[Lowfer] Looking for 73 kHz band modes to try...
Bob Raide
rjraide at hotmail.com
Thu Dec 5 21:47:12 EST 2013
John;
That may be but I am operating under an experimental part 5 license-it is part of our experimental purposes. However, it would appear that the Commission, at this point, doesn't care as they no doubt have bigger fish to fry. Our part 5 licenses so issued to Warren Zeigler allow it's use and in fact is the main reason we are authorized our licenses.
As to authorizing use by amateurs, these freqs may or may not get to amateur status.
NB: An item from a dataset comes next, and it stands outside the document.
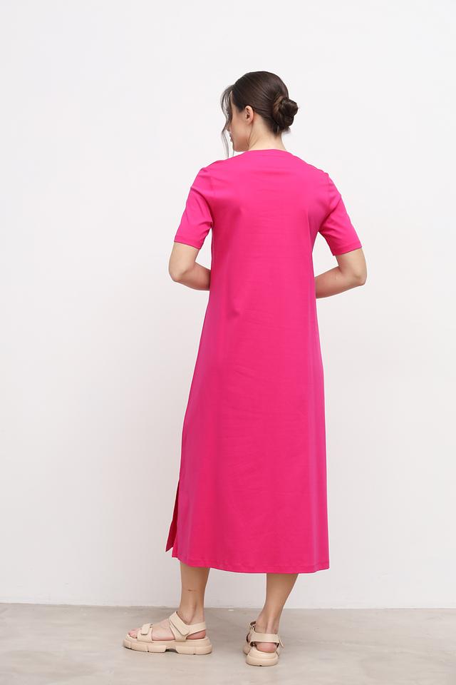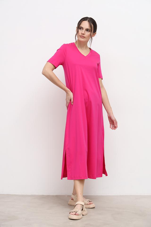 Платье Catnoir фуксия – это стильное и комфортное платье из 100% хлопка с V-образным вырезом и короткими рукавами. Платье имеет прямой силуэт и длину миди, а также небольшой разрез сзади. Состав: хлопок 100%

There is resistance from the power grid people and it certainly has held things up with all the smoke they have been blowing-Bob
> From: listread at lwca.org
> To: lowfer at mailman.qth.net
> Date: Thu, 5 Dec 2013 19:06:23 -0600
> Subject: Re: [Lowfer] Looking for 73 kHz band modes to try...
>
> >>> Opera is not legal to tx in the US, FCC thinks it is a spread-spectrum
> >>> mode.
>
> Actually, Cliff, that's what its own, er, inventor called it, way back when.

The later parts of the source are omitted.